▶ _Task directions_
Below are the records; extract from them the line containing "بجهة مراكش أسفي." to the line containing "今日大宗交易成交1570万股", both lines included, exactly and with no pictures.
------ Task data
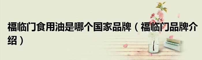 大家好,小源来为大家解答以上问题。福临门食用油是哪个国家品牌,福临门品牌介绍很多人还不知道,现在让我们一起来看看吧!
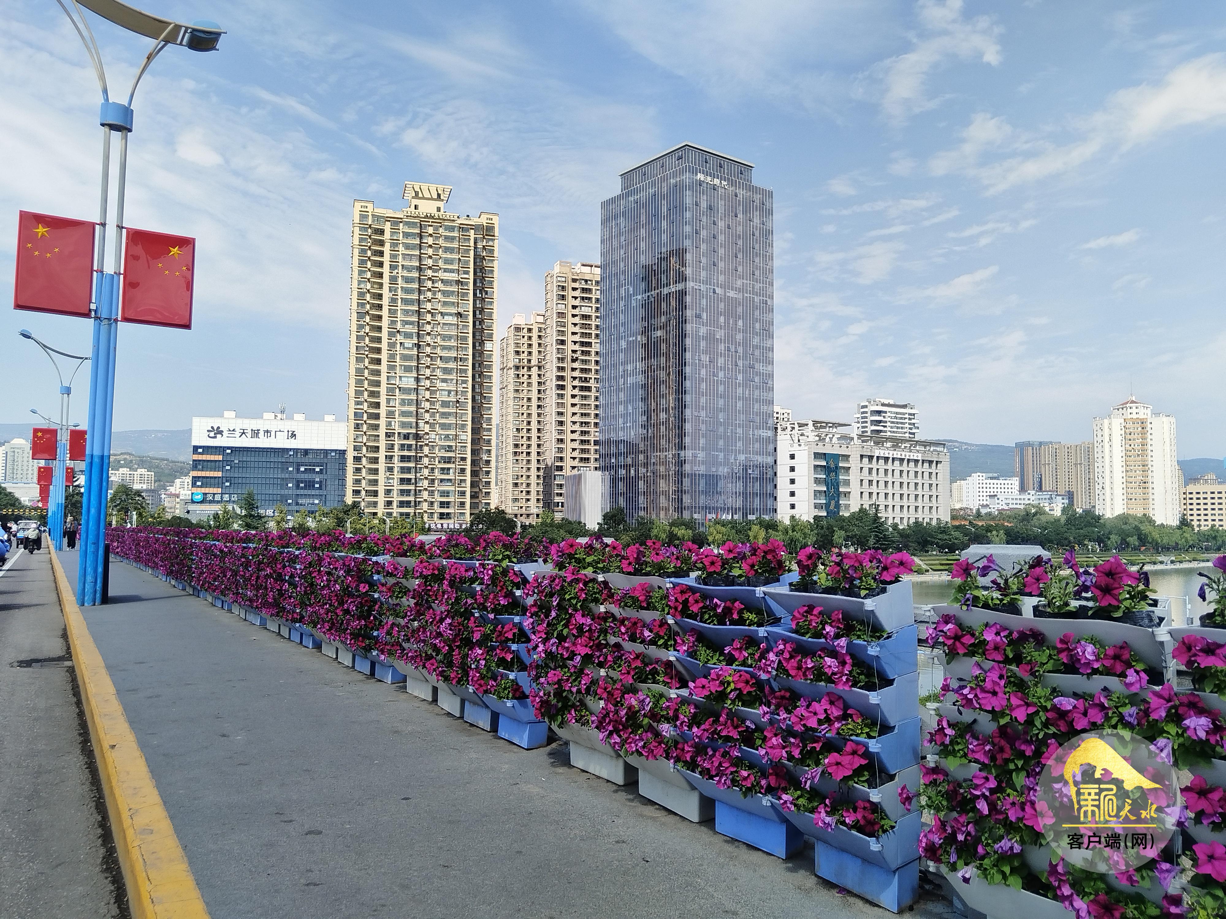 金秋送爽花满城,龙城盛装迎佳节。“双节”将至,秦州区以龙城广场为中心向四周主要道路、重要节点辐射,通过各类型花架、花箱与色彩丰富的花带组合搭配,在伏羲公祭大典期间城市美化的基础上,补添鲜花30万盆,营造景观亮点,提升城市魅力,烘托节日氛围。记者在南大桥、藉滨桥看到,摆放在两侧护栏花箱里的一朵朵牵牛、海棠、小菊迎风摇曳,构成了美丽的花带赏心悦目。
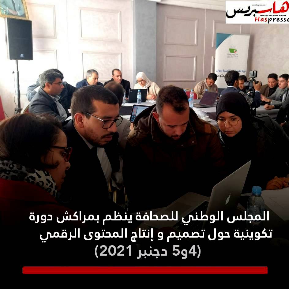 حول موضوع “تصميم وإنتاج المحتوى الرقمي“، نظم المجلس الوطني للصحافة على مدى يومين السبت والأحد 4 و5 دجنبر الجاري بمراكش، دورة تكوينية تفاعلية حضورية لفائدة 40 صحافية وصحافيا من المهنيين العاملين بالمنابر الاعلامية بجهة مراكش أسفي.
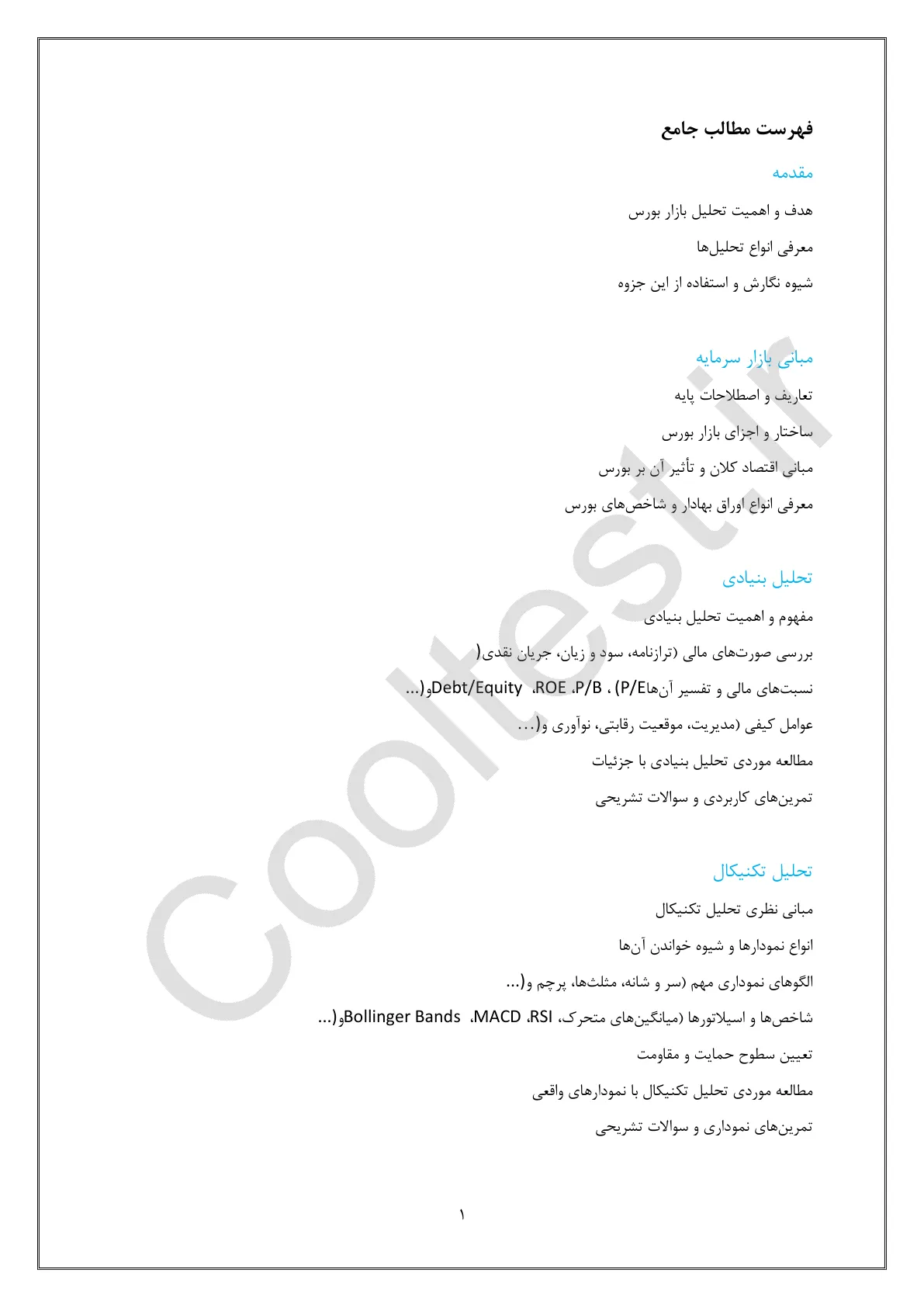 | ۶. جزوه آموزشی تحلیل بازار بورس | – | جزوهای کامل که تمامی نکات کلیدی برای موفقیت در آزمون را پوشش میدهد. |
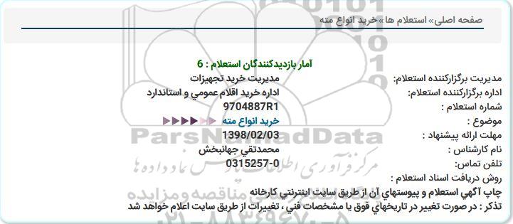 اداره برگزارکننده استعلام: اداره خرید اقلام عمومی و استاندارد
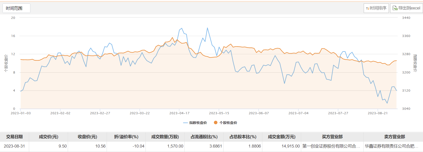 今日大宗交易成交1570万股,成交额1.49亿元,占当日总成交额的53.86%,成交价9.5元,较市场收盘价折价10.04%。
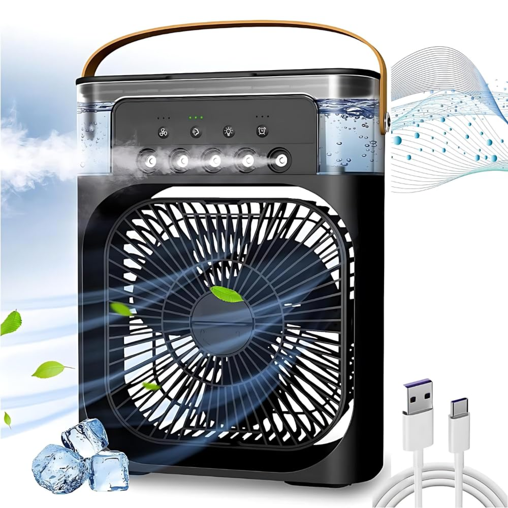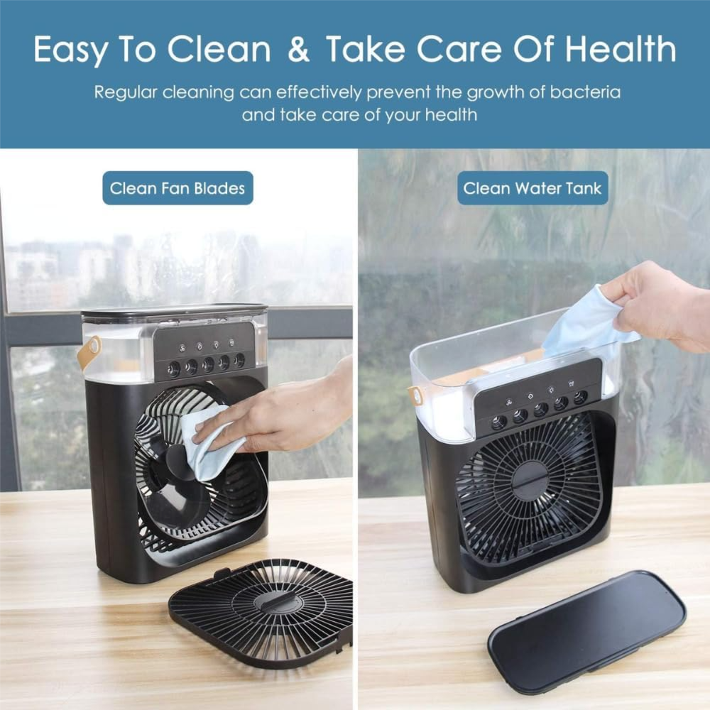 ❄【Adjustable Wind Speeds & Automatic Timing】With 3 wind speeds (high, medium, low) that can be adjusted manually, and the ability to adjust the blowing direction within a 60℃ range, you can tailor the airflow to meet your specific needs. Additionally, three automatic timing options (1/2/3 hours) allow you to select the most suitable setting for your leisure, sleep, or work time.❄【Moist, Fragrant Air】The portable air conditioner addresses the drawbacks of these two products by utilizing natural water evaporation to cool the air. It maintains moisture levels, operates with low power consumption, and delivers refreshing air.
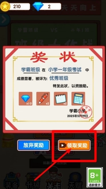 点击奖状界面里的“领取奖励”按钮,就能获得额外资源,一般需要观看广告视频,这是快速积累资源的常用方法。
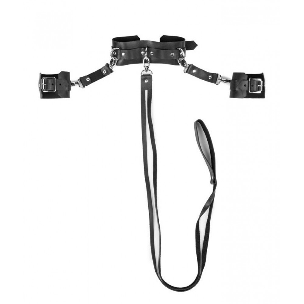 Фіксатор з нашийниками та наручниками Fet22, з натуральної шкіри, чорного кольору, One Size
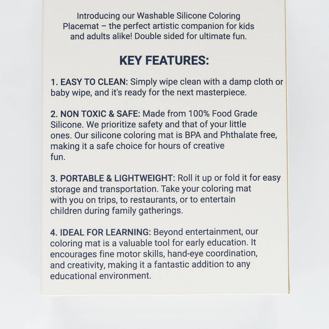 Eco-Friendly and Reusable: Say goodbye to wasteful paper and endless clutter. Our coloring mat is made from high-quality, food-grade silicone that's not only durable but also environmentally responsible. It's built to last, allowing you to use it over and over again, reducing your carbon footprint.
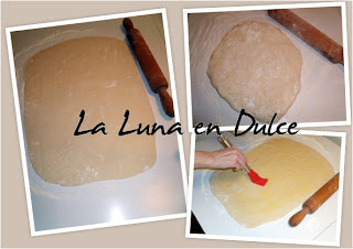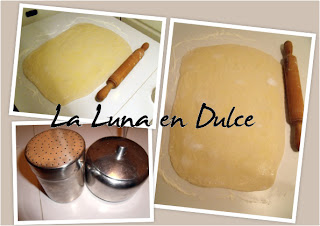 5.Enharinar ligeramente le superficie de trabajo y con la ayuda de un rodillo hacer un rectángulo con la masa de aproximadamente 1/2 centímetro de grosor.
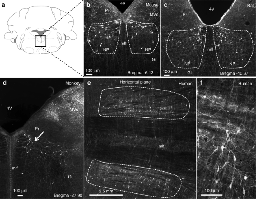 Ученые из Фрайбургского университета обнаружили ядро (совокупность нейронов), которое избирательно запускает быстрые движения глазами в быстрой фазе сна. Как выяснилось, оно находится в продолговатом мозге и имеет проекции («тянет» свои аксоны) в ядра глазодвигательных нервов. Описанию особенностей его работы и тому, как именно оно контролирует парадоксальный сон, посвящена статья в журнале Nature Communications. Нейроны Nucleus papilio в продолговатом мозге. Credit: Gutierrez Herrera et al. / Nature Communications 2019 Во время фазы быстрого сна, отрытой в 50-х годах прошлого века Натаниэлем Клейтманом и Юджином Азерински, мышечный тонус минимален. Тем не менее по непонятным причинам это правило не распространяется на мышцы глазных яблок, которые начинают сокращаться и двигать глаза под закрытыми веками. Собственно, это явление и дало название фазе сна – REM или rapid eye movement. Долгое время оставалось непонятным, что именно опосредует эти движения и как они влияют на сам быстрый
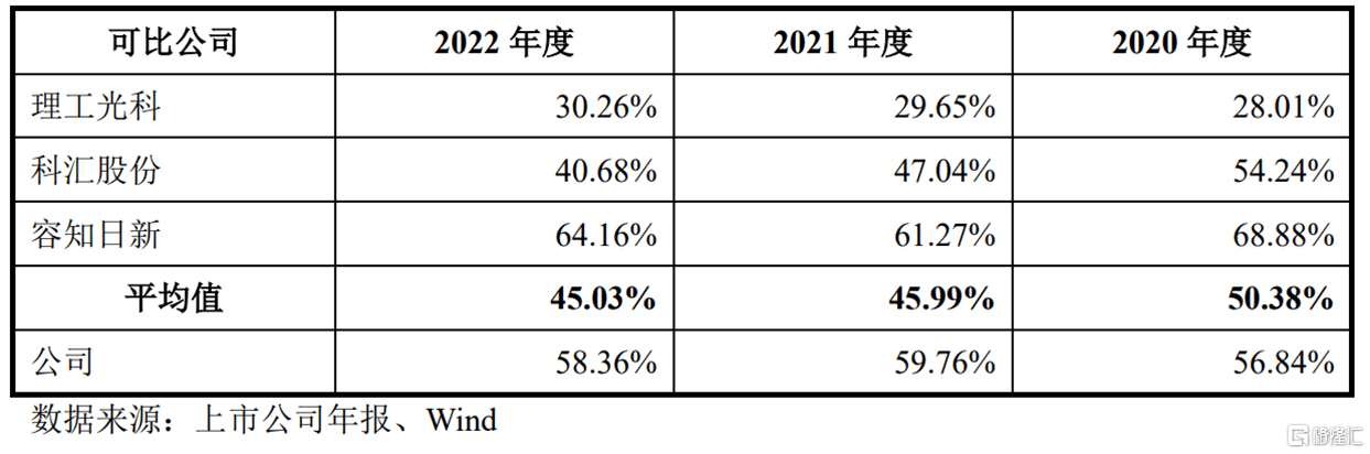 报告期内,公司主营业务毛利率分别为56.84%、59.76%和58.36%,存在小幅波动,在可比上市公司中,低于容知日新,高于理工光科、科汇股份。
------------
▶ _Solution to this task_
 حول موضوع “تصميم وإنتاج المحتوى الرقمي“، نظم المجلس الوطني للصحافة على مدى يومين السبت والأحد 4 و5 دجنبر الجاري بمراكش، دورة تكوينية تفاعلية حضورية لفائدة 40 صحافية وصحافيا من المهنيين العاملين بالمنابر الاعلامية بجهة مراكش أسفي.
 | ۶. جزوه آموزشی تحلیل بازار بورس | – | جزوهای کامل که تمامی نکات کلیدی برای موفقیت در آزمون را پوشش میدهد. |
 اداره برگزارکننده استعلام: اداره خرید اقلام عمومی و استاندارد
 今日大宗交易成交1570万股,成交额1.49亿元,占当日总成交额的53.86%,成交价9.5元,较市场收盘价折价10.04%。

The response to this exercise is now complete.